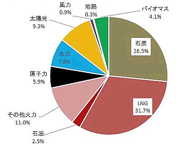 特定非営利活動(dòng)法人「環(huán)境エネルギー研究所」によると、國(guó)內(nèi)の2021年の電源構(gòu)成(電力を作るエネルギーの種類(lèi)で分類(lèi)した発電設(shè)備の割合)は火力発電が7割以上を占めています(石炭26.5%+LNG(液化天然ガス)31.7%+石油2.5%+その他火力11.0%=71.7%)。火力発電は化石燃料を燃焼する際に溫室効果ガスを排出し、地球溫暖化に影響を與えているとされています。一方、原子力や再生エネルギーの電源は3割に屆いていません(原子力5.9%+水力7.8%+太陽(yáng)光9.3%+風(fēng)力0.9%+地?zé)?.3%+バイオマス4.1%=28.3%)。
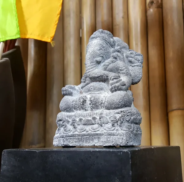 Ganesha, der Gott mit dem Elefantenkopf, ist einer der bekanntesten und beliebtesten Götter der Hindus. Er steht für Glück und Erfolg bei allen Unternehmungen, verkörpert Intelligenz und Weisheit, ist zuständig für Tanz, Musik und Poesie, gilt als Schutzherr der Wissenschaften und der Kaufleute. Als Herr allen Anfangs wird er angerufen, um Glück und Erfolg bei Reisen, bei Veränderungen im Leben, bei jeder Art des Neuanfangs zu erbitten. Statuen und Reliefs des Ganesha sind als Glücksboten nicht nur in Tempeln, sondern auch in vielen Wohnhäusern zu finden. Bei einem Umzug ist es für die meisten gläubigen Hindus selbstverständlich, in ihrem neuen Heim als Erstes eine Ganesha-Statue aufzustellen, um damit Glück und Segen auf ihr Zuhause herabzurufen.
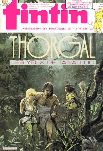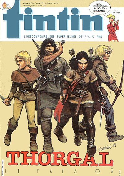 Deux albums dans la même année, en 1986, c’est un événement pour la série Thorgal ! Après « Le pays Qâ » en avril, voilà déjà la suite des aventures en terres chaams de Kriss, Thorgal et leurs compagnons d’infortune. Comme à ses débuts, Thorgal continue d’être prépublié dans la revue Tintin éditée par Le Lombard. A l’époque Tintin est l’un des magazines BD les plus connus en Europe de l’ouest, en kiosque depuis des décennies. Même si la revue vit ses dernières années — elle sera remplacée en 1989 par Hello Bédé, puis s’arrêtera définitivement en 1993 — elle propose encore la découverte en avant-première des albums et des talents de la maison d’édition.
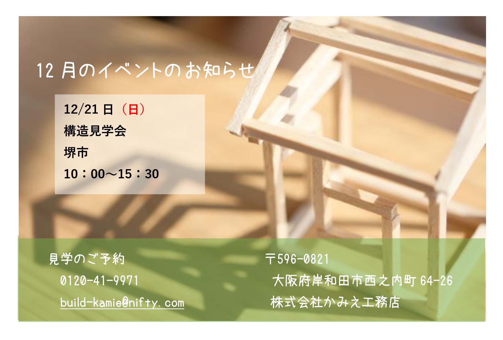 構造見学会HP用_page-0001 2025.12.12 カテゴリー イベント ブログ 最新記事 住宅省エネ2026キャンペーンスタート! 完成見学会開催のお知らせ 新年のご挨拶 CONTACT 0120-41-9971 お気軽にお電話ください! メールフォーム メールでも受付しております!
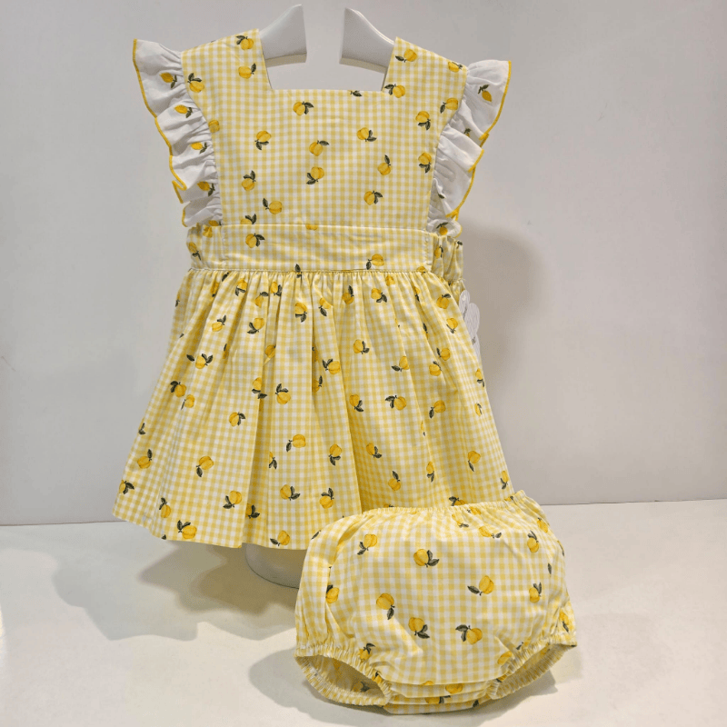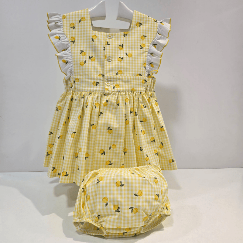 Jesusito de la colección Limón de La Peppa, confeccionado en cuadro vichy amarillo con pequeños limones estampados. Diseño desmangado con volantes blancos festoneados un conjunto fresco, alegre y perfecto para los días de verano.
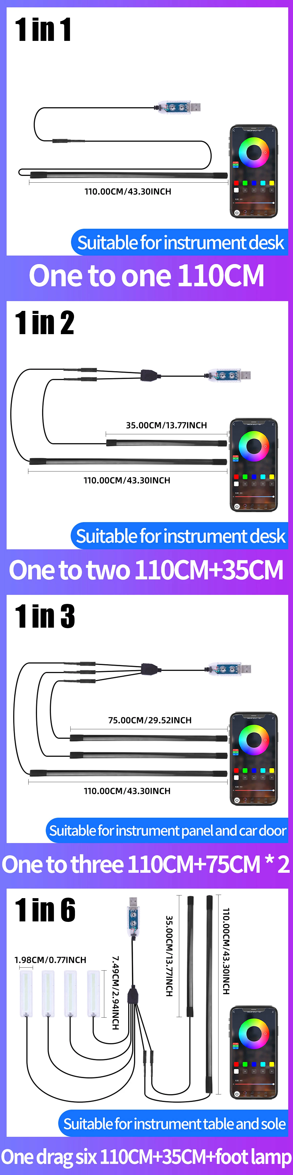 1 pulgada 6 adecuado para panel de instrumentos + suela: 1 tira LED 110cm + 1 tira LED 35cm + Luz De pie + USB
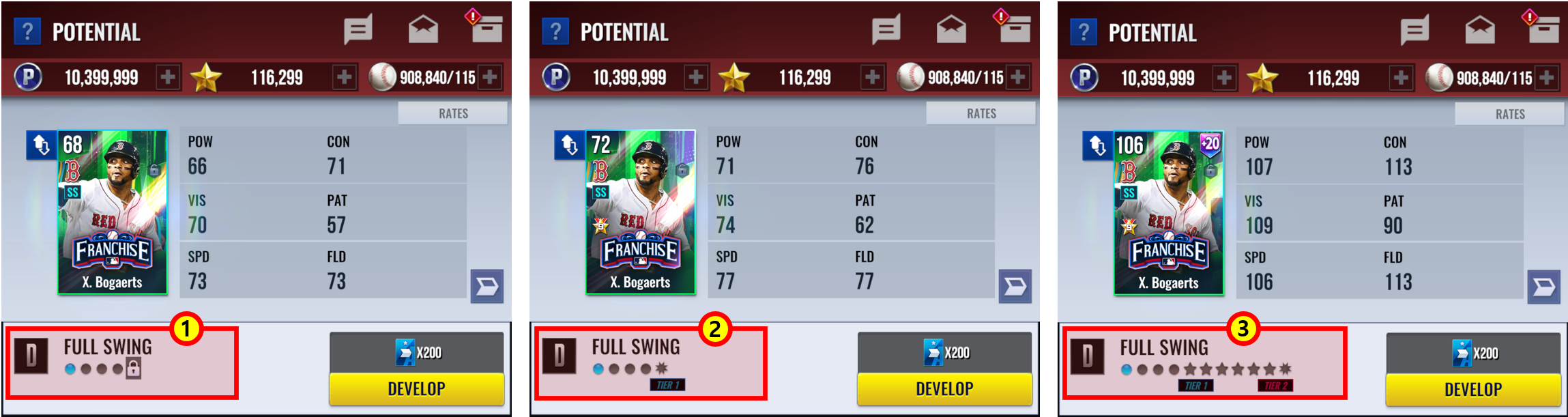 * Para los jugadores de dos vías, el Traspaso de Límites se aplica separadamente para la vía Bateador y la vía Lanzador para ir más allá de la Potenciación niv. 10.
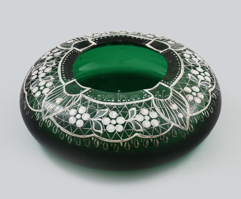 Parádi ritka zöld üveg hamuzó, zománcfestett mintával, pattogzással, d... https://www.darabanth.com/hu/451-Gyorsarveres/451.0/Porcelan-keramia-uveg/Uvegtargyak~500008/Paradi-ritka-zold-uveg-hamuzo-zomancfestett-mintaval-pattogzassal-d-13-cm~II3002367
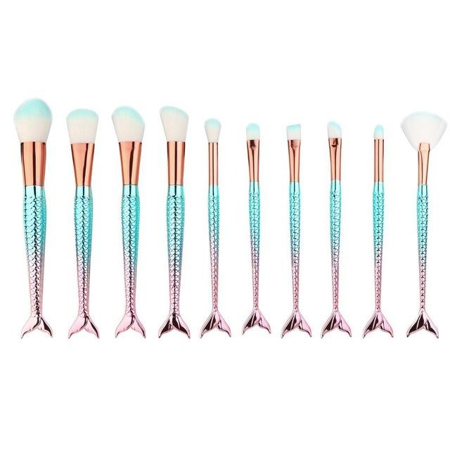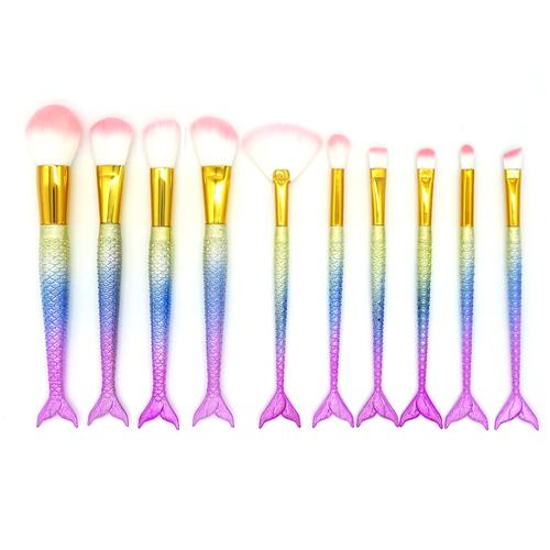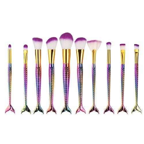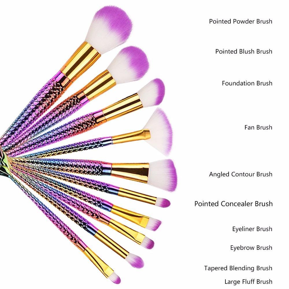 This limited-edition brush set is a perfect starter set as it contains all the brushes you need for a quick and easy makeup application. Each one fits comfortably in the hand, and features on-trend, champagne gold & turquoise mermaid handles. Perfect for placing on the vanity for protecting your brushes while on the go. Enjoy A Full Mermaid Collection Plus A Free Mermaid Contour Brush! Applies Creams & Powders With A Breeze!
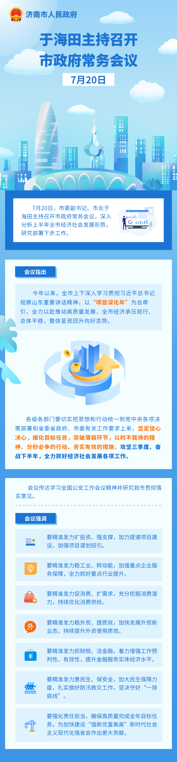 7月20日,市委副书记、市长于海田主持召开市政府常务会议,深入分析上半年全市经济社会发展形势,研究部署下步工作。
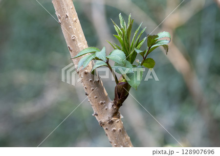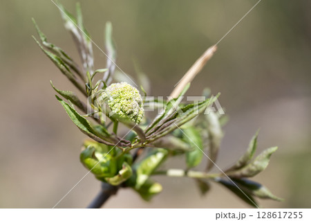 春に芽吹き始めた精霊の宿るニワトコの若葉と蕾
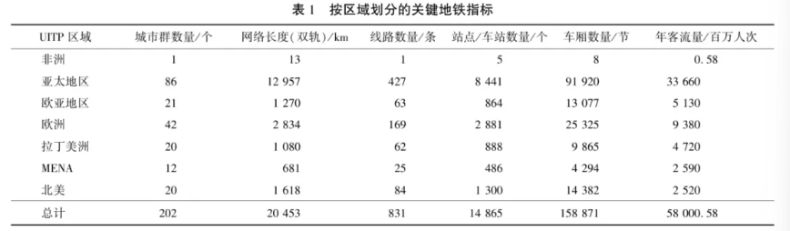 所收集的数据按城市群定义汇总,即使这些系统是在不同的城市中运营(为简化起见,下文“城市群”与“城市”互换使用)。247个城市轨道网络可归入202个城市群,为11.2亿居民提供地铁服务。
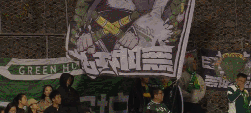 镜头给到客队看台,国安远征球迷现场助威
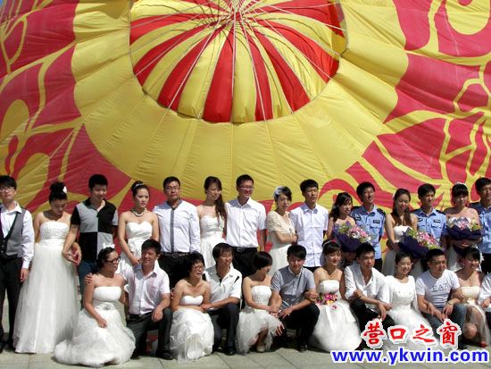 今日上午9時(shí),30對(duì)新人在營(yíng)口沿海產(chǎn)業(yè)基地明湖廣場(chǎng)舉行集體婚禮,以藍(lán)天白云為鑒許下自己對(duì)愛(ài)的誓言。
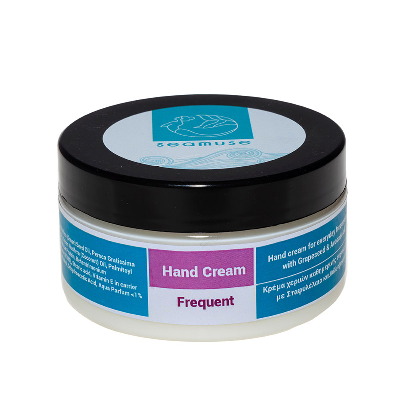 Η κρέμα χεριών συχνής χρήσης με σταφυλέλαιο και αβοκάντο της Seamuse προσφέρει θρέψη και προστασία ενώ ταυτόχρονα απορροφάται πολύ εύκολα χωρίς να αφήνει λιπαρό υπόλειμμα στα χέρια. Έχει λεπτή υφή ενυδατικής λοσιόν και είναι πολύ αποτελεσματική για συχνή χρήση μετά τα αντισηπτικά και τις συχνές πλύσεις με σαπούνι.
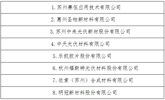 通過光伏背板材料“領(lǐng)跑者”耐久性階段測試的企業(yè)清單
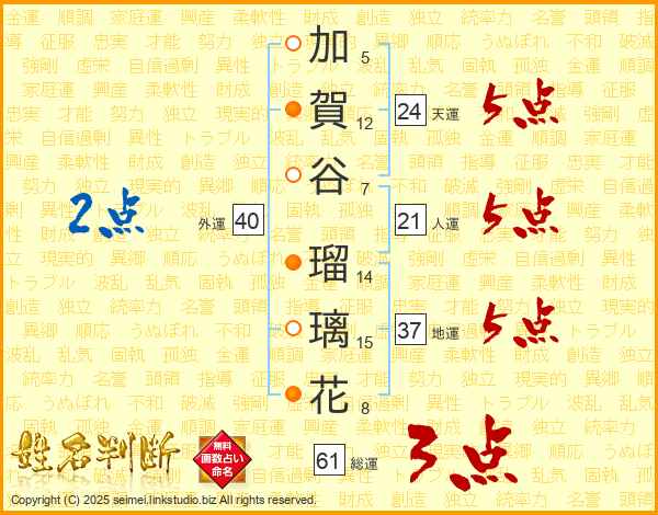 加(5画)賀(12画)谷(7画) 瑠(14画)璃(15画)花(8画)
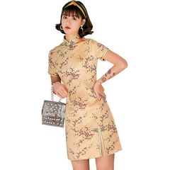[TRTRO] チャイナ服 ミニ チャイナドレス ショート ファッションデザイン チーパウ Qipao 旗袍 サテン 膝上 (梅柄金色, S)
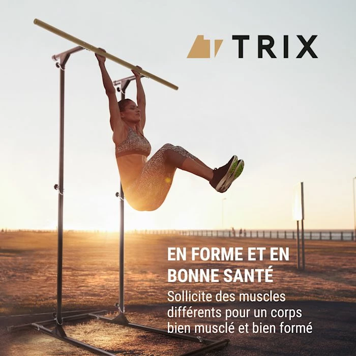 Pour avoir un corps musclé ! Bras, épaules, muscles abdominaux et dorsaux bien entraînés – aucun problème avec la station de traction Klarfit T-Trix. Grâce à sa conception modulaire, le solide appareil en acier sablé avec une barre de traction en hêtre massif s’installe très rapidement et est prêt pour l’entraînement immédiat. Avec une charge supportée allant jusqu’à 110 kg, la barre convient à presque tous les athlètes. Avec le Concept MultiGym , le T-Trix est parfaitement adapté pour les Pull Ups ou Chin Ups avec sa hauteur maximale de 190 cm, et s’adapte tout autant pour les dips avec sa hauteur minimale de 114 cm. Pour encore plus de variété dans vos entraînements, vous pouvez utiliser la station de traction T-Trix , au sol pour des grandes tractions ou des pompes classiques. La construction en acier robuste assure à tout moment une grande stabilité, encore améliorée par un renfort de châssis à trois pieds. Une fois l’entraînement terminé, la station se démonte simplement et vous pouvez alors la ranger en pièces détachées dans un sac de transport ou la déplacer confortablement.
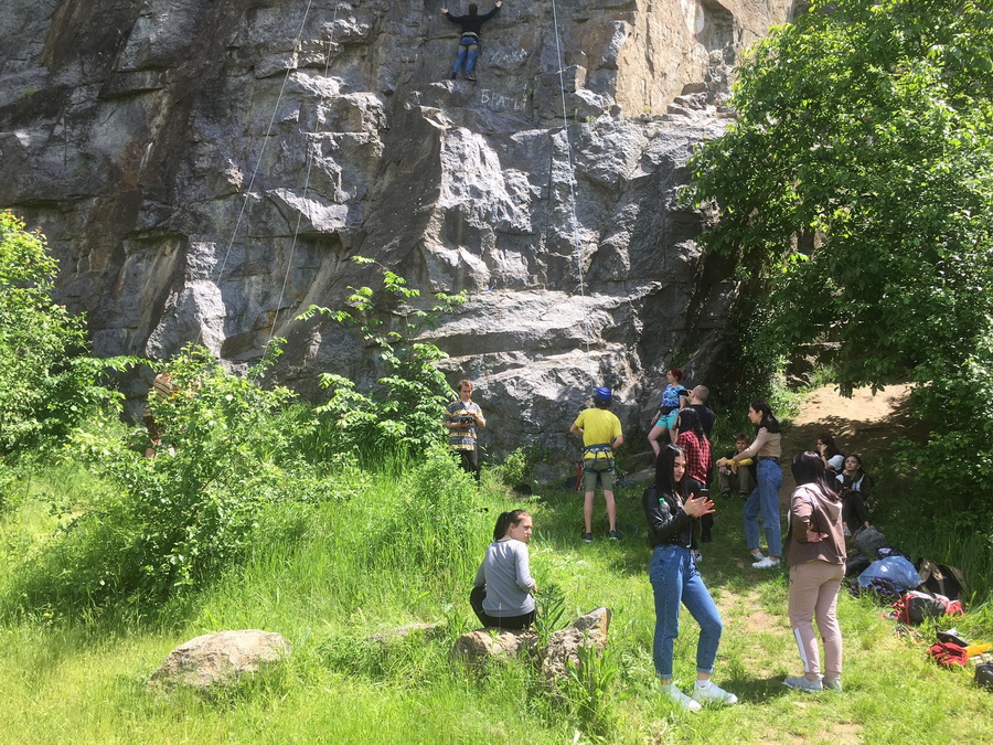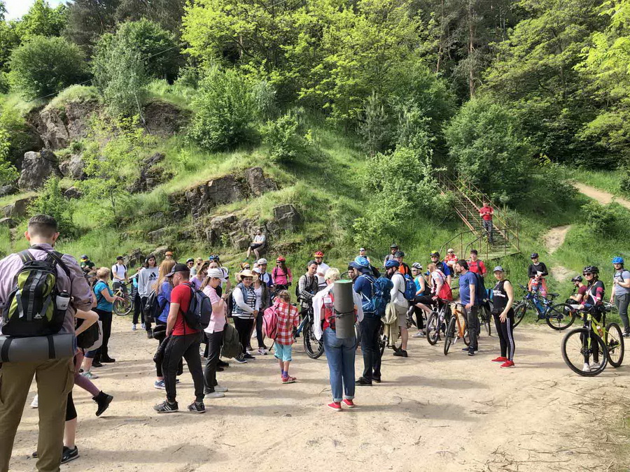 «Перший колективний похід по Camino Podolico вирушив трьома колонами: людей 70 пішли пішки, 30 поїхали на велосипедах і ще така ж кількість пливла на каное.

• • • • • • •

DESCRIPTION OF THE TASK:
Repeat each entry precisely as it appears. Leave the pictures out.

WRITTEN ANSWER:
 特定非営利活動(dòng)法人「環(huán)境エネルギー研究所」によると、國(guó)內(nèi)の2021年の電源構(gòu)成(電力を作るエネルギーの種類(lèi)で分類(lèi)した発電設(shè)備の割合)は火力発電が7割以上を占めています(石炭26.5%+LNG(液化天然ガス)31.7%+石油2.5%+その他火力11.0%=71.7%)。火力発電は化石燃料を燃焼する際に溫室効果ガスを排出し、地球溫暖化に影響を與えているとされています。一方、原子力や再生エネルギーの電源は3割に屆いていません(原子力5.9%+水力7.8%+太陽(yáng)光9.3%+風(fēng)力0.9%+地?zé)?.3%+バイオマス4.1%=28.3%)。
 Ganesha, der Gott mit dem Elefantenkopf, ist einer der bekanntesten und beliebtesten Götter der Hindus. Er steht für Glück und Erfolg bei allen Unternehmungen, verkörpert Intelligenz und Weisheit, ist zuständig für Tanz, Musik und Poesie, gilt als Schutzherr der Wissenschaften und der Kaufleute. Als Herr allen Anfangs wird er angerufen, um Glück und Erfolg bei Reisen, bei Veränderungen im Leben, bei jeder Art des Neuanfangs zu erbitten. Statuen und Reliefs des Ganesha sind als Glücksboten nicht nur in Tempeln, sondern auch in vielen Wohnhäusern zu finden. Bei einem Umzug ist es für die meisten gläubigen Hindus selbstverständlich, in ihrem neuen Heim als Erstes eine Ganesha-Statue aufzustellen, um damit Glück und Segen auf ihr Zuhause herabzurufen.
 Deux albums dans la même année, en 1986, c’est un événement pour la série Thorgal ! Après « Le pays Qâ » en avril, voilà déjà la suite des aventures en terres chaams de Kriss, Thorgal et leurs compagnons d’infortune. Comme à ses débuts, Thorgal continue d’être prépublié dans la revue Tintin éditée par Le Lombard. A l’époque Tintin est l’un des magazines BD les plus connus en Europe de l’ouest, en kiosque depuis des décennies. Même si la revue vit ses dernières années — elle sera remplacée en 1989 par Hello Bédé, puis s’arrêtera définitivement en 1993 — elle propose encore la découverte en avant-première des albums et des talents de la maison d’édition.
 構造見学会HP用_page-0001 2025.12.12 カテゴリー イベント ブログ 最新記事 住宅省エネ2026キャンペーンスタート! 完成見学会開催のお知らせ 新年のご挨拶 CONTACT 0120-41-9971 お気軽にお電話ください! メールフォーム メールでも受付しております!
 Jesusito de la colección Limón de La Peppa, confeccionado en cuadro vichy amarillo con pequeños limones estampados. Diseño desmangado con volantes blancos festoneados un conjunto fresco, alegre y perfecto para los días de verano.
 1 pulgada 6 adecuado para panel de instrumentos + suela: 1 tira LED 110cm + 1 tira LED 35cm + Luz De pie + USB
 * Para los jugadores de dos vías, el Traspaso de Límites se aplica separadamente para la vía Bateador y la vía Lanzador para ir más allá de la Potenciación niv. 10.
 Parádi ritka zöld üveg hamuzó, zománcfestett mintával, pattogzással, d... https://www.darabanth.com/hu/451-Gyorsarveres/451.0/Porcelan-keramia-uveg/Uvegtargyak~500008/Paradi-ritka-zold-uveg-hamuzo-zomancfestett-mintaval-pattogzassal-d-13-cm~II3002367
 This limited-edition brush set is a perfect starter set as it contains all the brushes you need for a quick and easy makeup application. Each one fits comfortably in the hand, and features on-trend, champagne gold & turquoise mermaid handles. Perfect for placing on the vanity for protecting your brushes while on the go. Enjoy A Full Mermaid Collection Plus A Free Mermaid Contour Brush! Applies Creams & Powders With A Breeze!
 7月20日,市委副书记、市长于海田主持召开市政府常务会议,深入分析上半年全市经济社会发展形势,研究部署下步工作。
 春に芽吹き始めた精霊の宿るニワトコの若葉と蕾
 所收集的数据按城市群定义汇总,即使这些系统是在不同的城市中运营(为简化起见,下文“城市群”与“城市”互换使用)。247个城市轨道网络可归入202个城市群,为11.2亿居民提供地铁服务。
 镜头给到客队看台,国安远征球迷现场助威
 今日上午9時(shí),30對(duì)新人在營(yíng)口沿海產(chǎn)業(yè)基地明湖廣場(chǎng)舉行集體婚禮,以藍(lán)天白云為鑒許下自己對(duì)愛(ài)的誓言。
 Η κρέμα χεριών συχνής χρήσης με σταφυλέλαιο και αβοκάντο της Seamuse προσφέρει θρέψη και προστασία ενώ ταυτόχρονα απορροφάται πολύ εύκολα χωρίς να αφήνει λιπαρό υπόλειμμα στα χέρια. Έχει λεπτή υφή ενυδατικής λοσιόν και είναι πολύ αποτελεσματική για συχνή χρήση μετά τα αντισηπτικά και τις συχνές πλύσεις με σαπούνι.
 通過光伏背板材料“領(lǐng)跑者”耐久性階段測試的企業(yè)清單
 加(5画)賀(12画)谷(7画) 瑠(14画)璃(15画)花(8画)
[TRTRO] チャイナ服 ミニ チャイナドレス ショート ファッションデザイン チーパウ Qipao 旗袍 サテン 膝上 (梅柄金色, S)
 Pour avoir un corps musclé ! Bras, épaules, muscles abdominaux et dorsaux bien entraînés – aucun problème avec la station de traction Klarfit T-Trix. Grâce à sa conception modulaire, le solide appareil en acier sablé avec une barre de traction en hêtre massif s’installe très rapidement et est prêt pour l’entraînement immédiat. Avec une charge supportée allant jusqu’à 110 kg, la barre convient à presque tous les athlètes. Avec le Concept MultiGym , le T-Trix est parfaitement adapté pour les Pull Ups ou Chin Ups avec sa hauteur maximale de 190 cm, et s’adapte tout autant pour les dips avec sa hauteur minimale de 114 cm. Pour encore plus de variété dans vos entraînements, vous pouvez utiliser la station de traction T-Trix , au sol pour des grandes tractions ou des pompes classiques. La construction en acier robuste assure à tout moment une grande stabilité, encore améliorée par un renfort de châssis à trois pieds. Une fois l’entraînement terminé, la station se démonte simplement et vous pouvez alors la ranger en pièces détachées dans un sac de transport ou la déplacer confortablement.
 «Перший колективний похід по Camino Podolico вирушив трьома колонами: людей 70 пішли пішки, 30 поїхали на велосипедах і ще така ж кількість пливла на каное.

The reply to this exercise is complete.